What the supplement signals is that the conversation has shifted. The question is no longer whether vertical transmission can be prevented. It is why it still happens, and what it will take to close the gap between the possible and the actual. The editors and contributors are asking hard questions about adherence support, about how to reach pregnant women early, about how to build health systems in places where resources are scarce. These are not questions that have simple answers, but they are the questions that matter now.
Citas Notables
Eliminating vertical transmission remains a global public health priority, and significant challenges persist in optimizing maternal adherence to antiretroviral treatment, managing late-presenting pregnancies and addressing health disparities in resource-limited settings.— Journal of the International AIDS Society supplement editors
La Conversación del Hearth Otra perspectiva de la historia
The science works—sub-2 percent transmission when people take their medication. So why does the supplement exist at all?
Because knowing something works in a trial and making it work for every pregnant woman are two entirely different things. The supplement is asking: what happens in the real world, where women are poor, where clinics are understaffed, where stigma is real?

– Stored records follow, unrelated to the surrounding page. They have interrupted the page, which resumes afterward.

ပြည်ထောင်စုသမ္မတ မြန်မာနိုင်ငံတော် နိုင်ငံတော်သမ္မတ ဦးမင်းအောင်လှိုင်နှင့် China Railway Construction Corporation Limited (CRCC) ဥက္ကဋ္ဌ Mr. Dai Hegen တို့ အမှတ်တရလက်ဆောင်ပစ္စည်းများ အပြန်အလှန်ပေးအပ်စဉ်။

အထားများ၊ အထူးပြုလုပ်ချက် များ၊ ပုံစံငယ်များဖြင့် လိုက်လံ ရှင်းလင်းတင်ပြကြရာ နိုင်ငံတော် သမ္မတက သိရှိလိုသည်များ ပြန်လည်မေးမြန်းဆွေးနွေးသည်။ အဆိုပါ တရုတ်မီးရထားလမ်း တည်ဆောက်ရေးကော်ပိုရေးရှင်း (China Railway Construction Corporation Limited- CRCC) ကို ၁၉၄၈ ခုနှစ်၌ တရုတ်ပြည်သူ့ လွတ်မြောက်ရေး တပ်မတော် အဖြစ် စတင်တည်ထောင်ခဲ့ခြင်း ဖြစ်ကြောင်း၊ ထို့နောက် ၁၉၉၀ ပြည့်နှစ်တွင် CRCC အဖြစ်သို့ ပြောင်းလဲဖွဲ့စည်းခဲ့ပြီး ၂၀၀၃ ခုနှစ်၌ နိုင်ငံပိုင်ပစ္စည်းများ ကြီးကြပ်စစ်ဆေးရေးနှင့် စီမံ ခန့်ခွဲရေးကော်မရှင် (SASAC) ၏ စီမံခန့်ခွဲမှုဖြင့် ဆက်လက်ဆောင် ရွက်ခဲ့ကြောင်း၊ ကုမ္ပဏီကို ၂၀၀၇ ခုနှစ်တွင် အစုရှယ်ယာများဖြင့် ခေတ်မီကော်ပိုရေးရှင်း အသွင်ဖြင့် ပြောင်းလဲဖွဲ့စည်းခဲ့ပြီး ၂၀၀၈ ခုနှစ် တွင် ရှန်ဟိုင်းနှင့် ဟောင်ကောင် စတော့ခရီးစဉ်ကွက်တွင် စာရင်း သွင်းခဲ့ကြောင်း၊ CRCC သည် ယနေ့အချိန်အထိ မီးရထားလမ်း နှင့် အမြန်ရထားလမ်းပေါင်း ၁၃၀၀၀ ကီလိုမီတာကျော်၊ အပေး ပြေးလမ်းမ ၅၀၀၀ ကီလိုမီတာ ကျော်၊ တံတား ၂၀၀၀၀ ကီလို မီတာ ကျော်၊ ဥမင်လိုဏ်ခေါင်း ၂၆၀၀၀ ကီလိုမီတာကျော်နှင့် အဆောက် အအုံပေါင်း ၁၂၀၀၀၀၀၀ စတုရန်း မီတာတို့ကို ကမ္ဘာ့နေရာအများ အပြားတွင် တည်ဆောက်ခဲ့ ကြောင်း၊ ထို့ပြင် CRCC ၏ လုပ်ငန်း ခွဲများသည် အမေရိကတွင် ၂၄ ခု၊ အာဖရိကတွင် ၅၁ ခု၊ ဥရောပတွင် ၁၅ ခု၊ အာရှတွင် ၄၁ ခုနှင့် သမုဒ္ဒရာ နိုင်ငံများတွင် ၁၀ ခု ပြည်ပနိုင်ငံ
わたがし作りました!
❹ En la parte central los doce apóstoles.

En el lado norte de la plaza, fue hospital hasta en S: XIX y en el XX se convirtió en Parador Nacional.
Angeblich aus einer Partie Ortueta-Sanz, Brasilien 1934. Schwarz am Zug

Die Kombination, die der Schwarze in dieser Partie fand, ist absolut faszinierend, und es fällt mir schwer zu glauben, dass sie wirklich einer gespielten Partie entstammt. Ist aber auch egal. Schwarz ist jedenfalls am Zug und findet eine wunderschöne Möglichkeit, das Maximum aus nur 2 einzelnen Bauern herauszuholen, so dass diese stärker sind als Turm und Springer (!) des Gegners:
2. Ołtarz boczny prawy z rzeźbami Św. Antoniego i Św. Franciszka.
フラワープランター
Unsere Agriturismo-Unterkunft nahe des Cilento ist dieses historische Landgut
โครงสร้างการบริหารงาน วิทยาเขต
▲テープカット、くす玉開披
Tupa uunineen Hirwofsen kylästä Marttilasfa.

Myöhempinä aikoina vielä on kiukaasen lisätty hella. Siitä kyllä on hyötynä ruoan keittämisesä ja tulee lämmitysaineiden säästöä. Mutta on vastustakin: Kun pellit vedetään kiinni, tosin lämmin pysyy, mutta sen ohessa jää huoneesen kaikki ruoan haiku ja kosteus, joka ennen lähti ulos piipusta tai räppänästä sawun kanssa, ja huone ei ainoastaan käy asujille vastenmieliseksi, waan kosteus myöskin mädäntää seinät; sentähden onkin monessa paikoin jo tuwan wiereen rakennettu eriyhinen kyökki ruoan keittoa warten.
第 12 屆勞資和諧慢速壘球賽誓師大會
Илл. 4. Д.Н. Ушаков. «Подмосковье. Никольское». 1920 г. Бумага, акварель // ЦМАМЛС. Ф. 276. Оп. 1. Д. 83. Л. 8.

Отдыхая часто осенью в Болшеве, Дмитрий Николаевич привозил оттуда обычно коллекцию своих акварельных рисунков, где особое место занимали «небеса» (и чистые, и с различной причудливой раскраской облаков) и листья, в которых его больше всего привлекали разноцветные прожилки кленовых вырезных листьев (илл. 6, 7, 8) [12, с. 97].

You're saying the problem isn't medical anymore.
Exactly. The medicine solved the medical problem. What remains is everything else—getting women to take pills every day, finding them before they go into labor, building health systems that can actually deliver care where it's needed.

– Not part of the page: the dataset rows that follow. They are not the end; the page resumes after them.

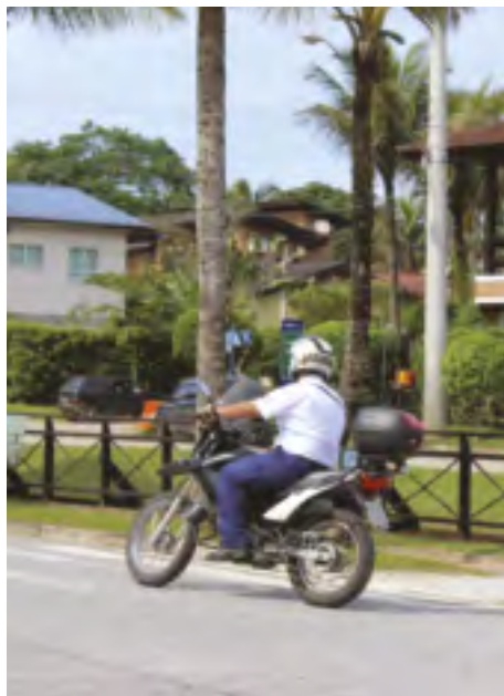
Serviço de Segurança realiza rondas diárias

mais imediatas em caso de eventual violação nos imóveis.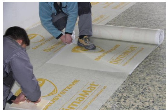
Abrollen, mit dem Fuß fixieren, abziehen und andrücken – so geht's am Besten!

Es ist empfehlenswert, die Matte mit einem Reibebrett anzudrücken, die endgültige Fixierung erfolgt beim Aufbringen des Fliesenbelags.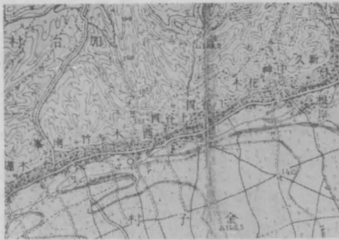
加治丘陵南麓の根通村落

第一圖は川越市南方の福原村附近の地圖で、道路の北側にのみ人家の並んだ片側村がよく發達してゐる。中福・上松原・下松原・上赤坂・下赤坂等は何れも片側村で、崖下の村落として前述した今福も片側村である。かゝる形態を有するに至つた理由は、平坦な臺地面に開拓した村落であることが主であるが、地形と密接な關係にあつて、北部と南部の侵蝕崖に並行した北東—南西の方向を取つてゐる。家は南東向で日當りのよい向にあるが、中福では南向の家も相當に多く、道路に斜に向いてゐるものも見受ける。道路の北側の家の所有する耕地が、道路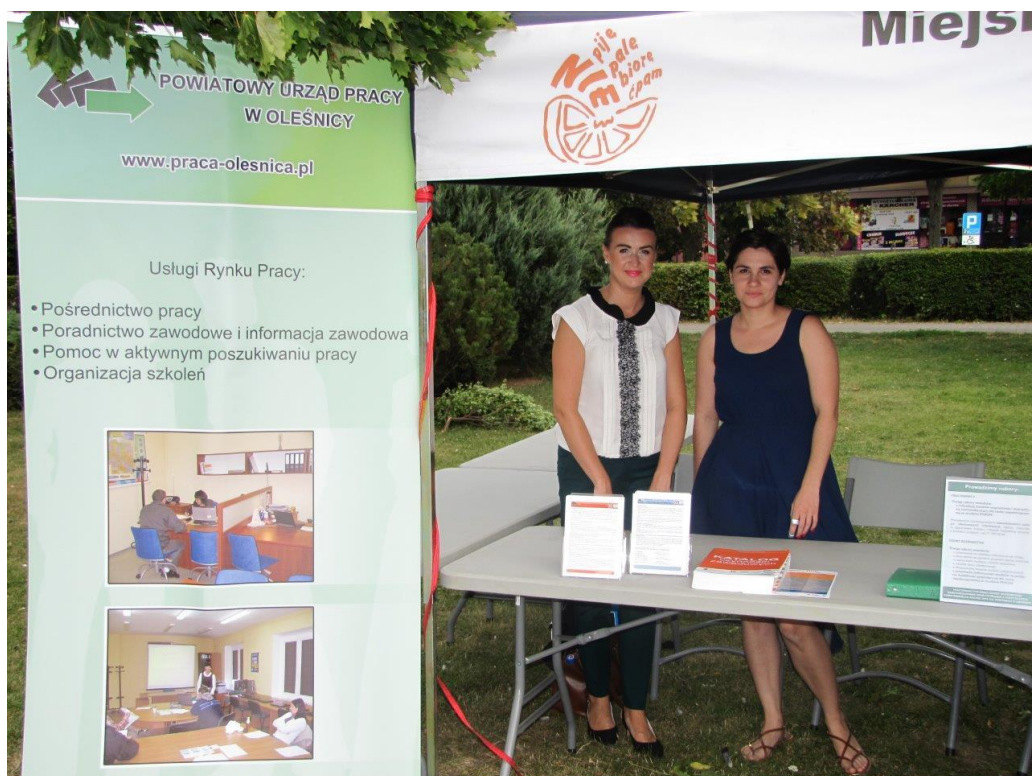
Stoisko doradców zawodowych PUP

niezarejestrowane w PUP. Zainteresowani mogli też zapoznać się z ofertami pracy w różnych zawodach z terenu powiatu oleśnickiego adresowanymi do osób z niepełnosprawnościami. Doradcy zawodowi informowali także pracodawców o możliwości uzyskania wsparcia ze środków Funduszu Pracy i PFRON przy zatrudnianiu osób z niepełnosprawnościami.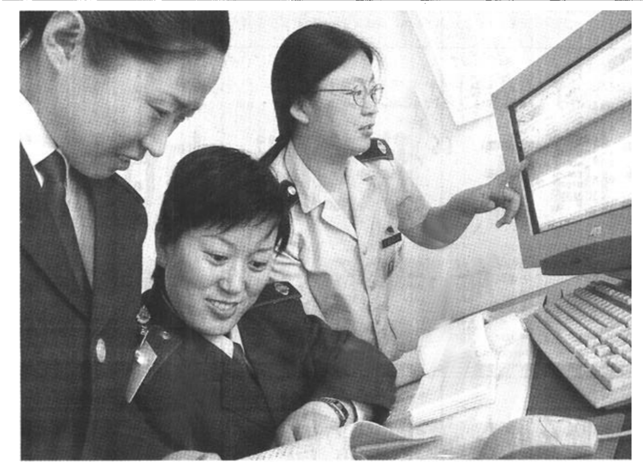
垦利县地税局全面加强征管现代化建设,推行了多元化报税和双委托报税,新开发了电子控税系统,设计制作了电子地图,使征管质效明显提高。

本报讯 近几年来,东营区黄河路街道在安置下岗失业特别是弱势群体再就业中,着力实施了培育“小老板”工程,通过“小老板”带动社区再就业,取得了显著成效。 黄河路街道确立了“以社区资源为依托,以帮扶弱势群体为重点,以培育‘小老板’为主渠道,以优质服务为保障”的工作思路,在帮扶安置弱势群体的同时,将培育、发展“小老板”作为安置工作的重中之重。街道以实际行动扶持“小老板”的发展,受到了下岗失业人员的好评。一是开展专题培训。街道对辖区内下岗失业人员进行了优惠政策专题培训,鼓励他们利用优惠政策重新就业,从事个体经营,创业发展。二是实行委托代理。街道主动协调工商、税务等有关部门,派专人帮助自谋职业者办理各种手续,对在辖区内租用或用自己房屋开办民营企业的业户,街道为其提供尽可能的减免和优惠。三是从资金上大力扶持、培育“小老板”。针对下岗失业人员缺乏开办费、启动资金等问题,街道利用小额贷款、一次性补贴等方式,多方协调帮助他们筹措资金,保证其实现再就业。 “小老板”的培育为黄河路街道的下岗失业人员的安置工作开启了一条可持续发展之路。截至目前,该街道共培育“小老板”、“小业主”114人,使辖区内下岗失业人员再就业率达到90%。 (刘英)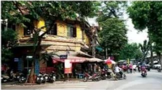
Phố cổ Hà Nội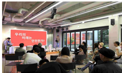
1층 라운지 행사 전경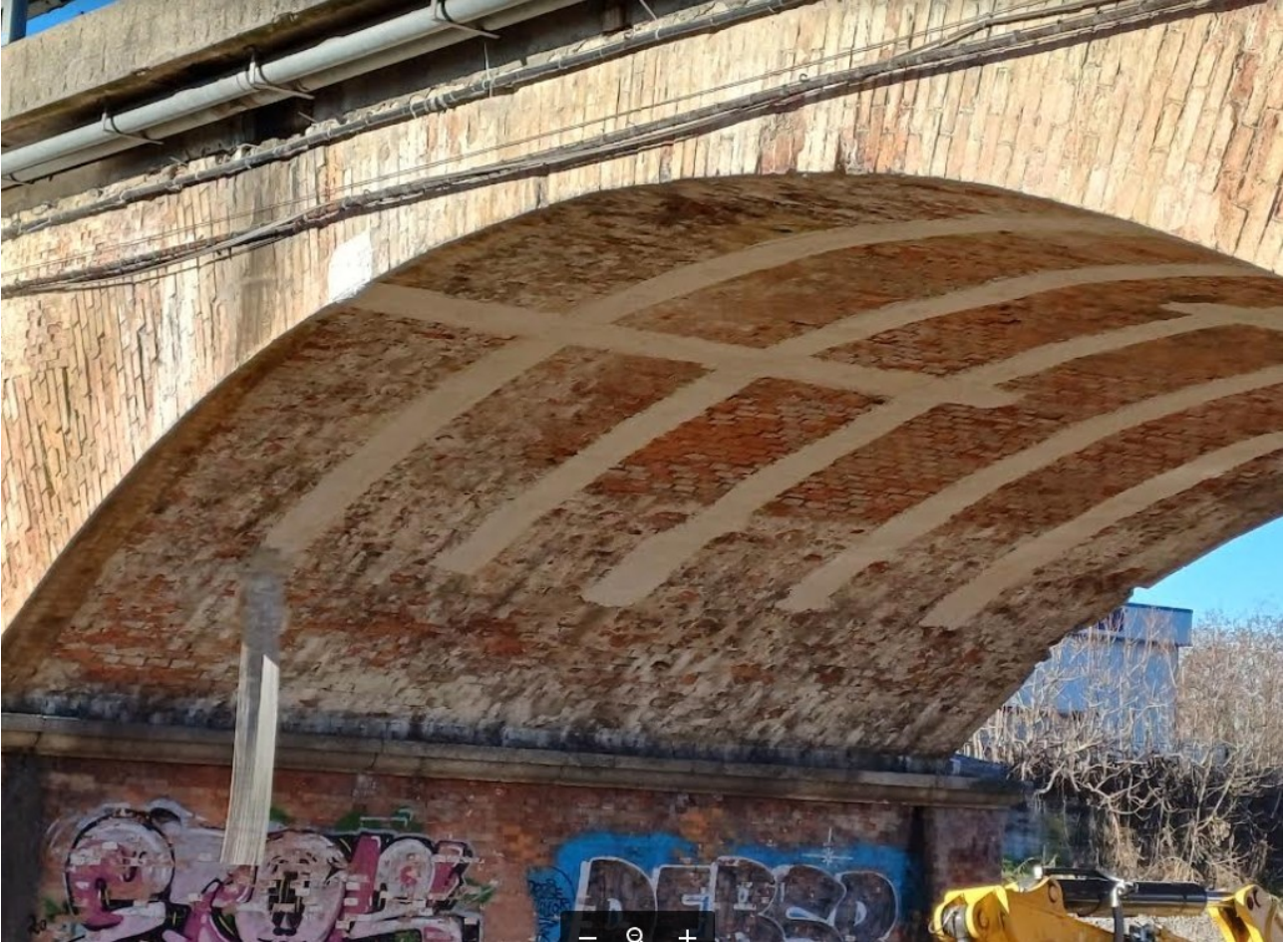
Foto n°2 – intervento di rinforzo arcata n°3 – con fasciature in carbonio/geosteel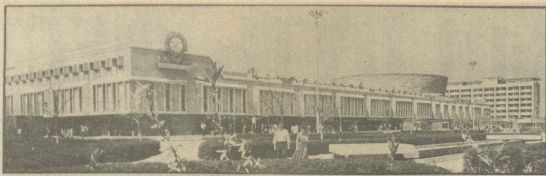
Центральный универсам в городе Навои.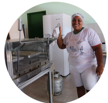
Centro Comunitário Sociocultural de Barra dos Coqueiros Aracaju, SE

Strengthening and promoting awareness for the Maria da Pena law // Fortalecimento e valorização da Lei Maria da Penha

Late presentation seems like it should be easier to solve than adherence. Just screen more women earlier.
In theory, yes. But screening requires access to clinics, trust in the health system, knowledge that you might be at risk. In resource-limited settings, those things aren't guaranteed. And even when women are found early, keeping them engaged in care through pregnancy is its own challenge.
So the three editors—they're from the US, Brazil, and Zimbabwe. Is that deliberate?
It has to be. The problem looks different in each place. What works in a wealthy country's health system won't transplant directly to somewhere with a fraction of the resources. The supplement is trying to learn from all three contexts at once.
What comes next? After this supplement, what actually changes?
That's the harder question. The supplement names the problems clearly. Whether health systems have the will and resources to solve them—that's what happens in the years ahead.